So, been digging around with Kafka-Rest and have run into some issues. Let me describe the situation first:
We have a Kafka cluster sitting inside of a Data warehouse. We don't want to expose the Kafka cluster to 'the world' and without going into a crazy amount of IPSEC tunneling shenanigans, we wanted to be able to expose a REST interface to the cluster (as an endpoint, only allowing certain requests, limiting access, etc).

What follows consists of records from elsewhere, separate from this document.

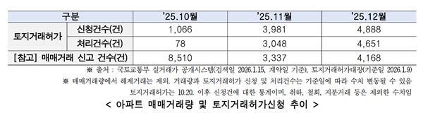 서울 전역 토지거래허가제 시행(지난해 10월 20일) 이후 2025년 12월 말 기준 아파트 토지거래허가 신청은 총 9935건 접수됐으며, 이 중 7777건(78.3%)이 처리됐다. 지난해 10월 20일부터 11월까지 토지거래허가 신청가격은 10월 실거래가격과 비교해 1.49% 상승했으며, 12월 신청분은 전월 신청가격 대비 1.58% 올라 상승 폭이 커졌다.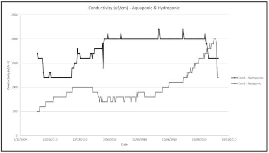 33], and it is noted that aquaponic systems contain lower percentages of ionized or “charged” nutrients (the only nutrients that will register using conductivity as a measure) [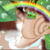 梅雨の晴れ間、カエルのカップルはカタツムリに乗って、のんびりとドライブです。雨の雫が久しぶりに顔を覗かせた太陽に、キラキラ輝いています。虹のアーチをくぐって、お隣の池までお出かけするのかな。

So, as a little testbed, i put together a simple producer that writes directly to Kafka It's nothing more than a sentence producer, flat text, no encryption.
I was able to put up a Kafka-Rest proxy no problem, was able to query the topics, get details about the topics without issue.
Then I tried to read from the topic.
I keep getting a '{"error_code":40601,"message":"The requested embedded data format does not match the deserializer for this consumer instance"}.'
OK, so I need to format the message in an appropriate manner. Fine. So I wrote the following in python:
from kafka.client import KafkaClient
from kafka.consumer import SimpleConsumer
from kafka.producer import SimpleProducer
import time
import random
import logging
import json
import base64
logging.basicConfig(level=logging.INFO)
s_nouns = ["A dude", "My mom", "The king", "Some guy"]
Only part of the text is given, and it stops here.